Lilacs and Peonies
When I was a kid my grandma and I would go to the cemeteries every Memorial Day. She would begin worrying in early May if the lilacs and the peonies would be blooming. We would cut giant bunches of flowers; load them in her old car along with glass canning jars and a small shovel. Off we would go, first to the Star City cemetery. It was my job to dig a small hole, place the canning jar in the hole, pump water from the well and carry it to the gravesite and fill the jar and place the flowers in the jar. Also I was to pull any weeds that grew up around the headstone. All the time I was doing that my grandma was talking with other people who were also placing flowers on the graves of their loved ones. It was a busy bustling place. My grandfather was buried there. (My grandma now rests beside him) He died 3 years before I was born. But my grandma always told me how much he would have loved me. After several hours we went on to another cemetery. My grandma would visit with others and that cemetery even had benches for folks to sit and chat. I wish I had listened closer to her stories. She was the one person in my childhood who was always kind to me. To this day come spring time I hope the lilacs and peonies are ready for Memorial Day. Today I drove past the cemetery, and it dawned on me... we are all just passing through this physical life. I know I know.. I am slow to catch on. We will all die and turn to dust, sooner or later. We can fight it but we can’t change it. One day our bones will lay forgotten, and all the things we worked so hard for will be laying in some landfill. All of our things will be lost and forgotten, this made me question what will I leave my children and grandchildren and some day great grand children? I hope I leave a legacy of fighting for what I believe in. I hope I am leaving some thing real something worthy and not just stuff. These days, I can't physically visit those cemeteries any longer, but I can still recall all those stories and the good times I spent with someone whom I know in my heart cared about me. Perhaps that is the best gift that I can leave my own loved ones. I will try harder to do that.

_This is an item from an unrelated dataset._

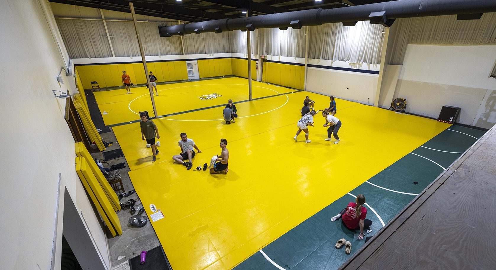 Members of the men's and women's wrestling teams warm up before a practice in their new training facility.

. This is recycled from last year.
3 comments:
I know exactly what you mean about visiting the cemetaries. I used to go with my grandparents to about 3 different ones every Memorial Day.

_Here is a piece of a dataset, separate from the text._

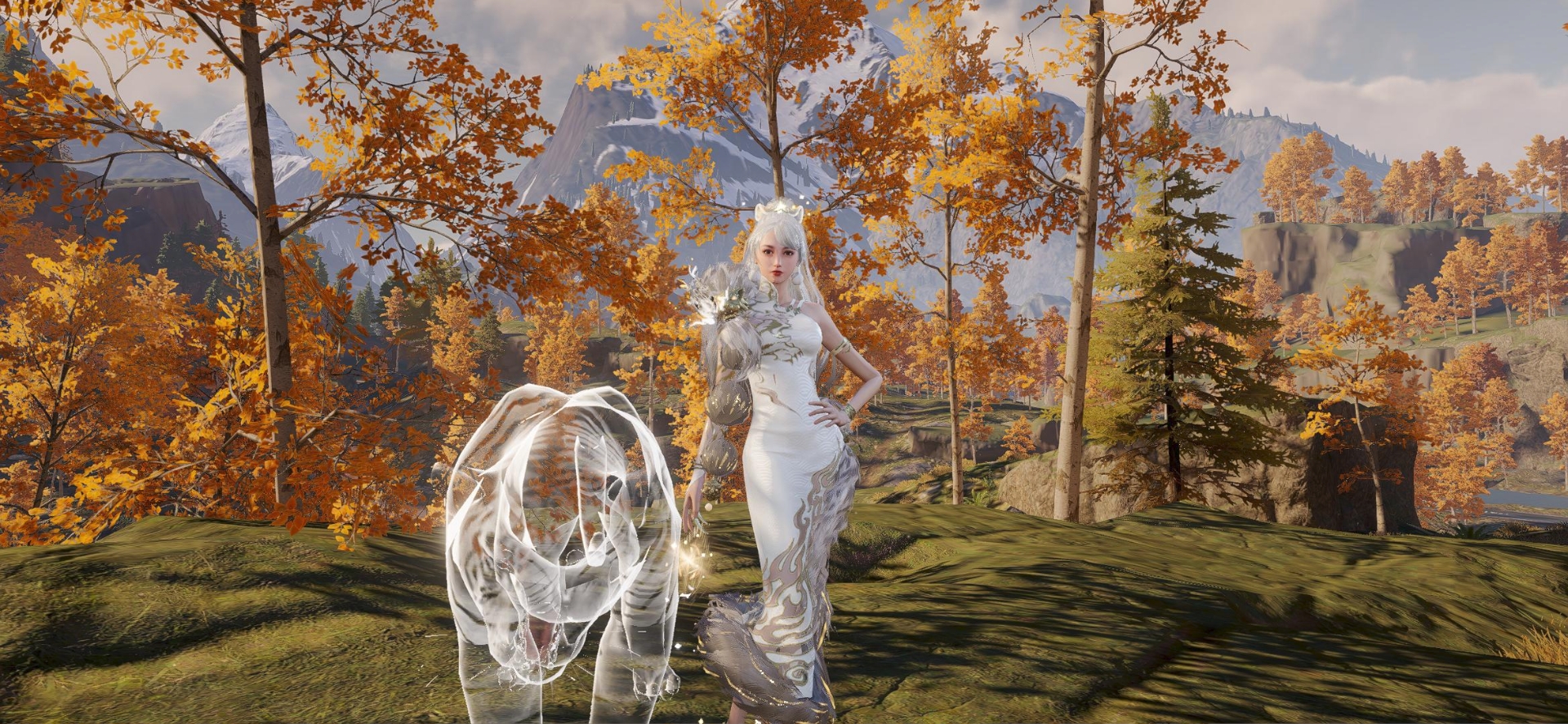 右臂上则印有仿白虎皮纹的金色纹路,彰显野性与力量。肩部搭配柔软的毛毛披肩,并点缀一枚精致虎头装饰,整体更显层次感。扎起的高马尾上配有俏皮的虎耳装饰,既干练又不失可爱。

I don't know what happened with the lilacs and peonies, but they come out a lot earlier than they did in those days. My lilacs have been dead and gone for about 3 weeks & the peonies died last week. Weird isn't it!
Great post friend.
AOB
MSN:
You're more fortunate than I am.
My folks rest back in Philly, and the neighborhood has been changing since I moved away (not for the bnetter, mind you), and there is not ONE day that passes, that I don't think about that.
Moreover, I also think about where I will wind up...which I haven't a clue (yet).
Probably be buried out here, I guess.
Our lilacs have been gone for a few weeks, and the peonies are just NOW shedding their petals. Won't be long before they're also gone.
Mortality is a nasty beast, and it's usually nipping at our feet.
I like to think that it's not about what WE hope and think about in our lives that lives after us, but rather ALL the people whose lives we touched and weren't even aware of it.
That remembrance as well as those memories of us by loved ones will outlive the ages...as long as WE remember.
Besides, I want to believe that leaving this world is not an ending, but a new beginning.
I think we all need to hang onto that.
Very good post.
I guess I am from old school also.I remember going out to Winamac where my grandparents are buried and at the cemeteries here in town to place real flower's, not artificial wreath's,flower's etc....When did the fake flower's become popular?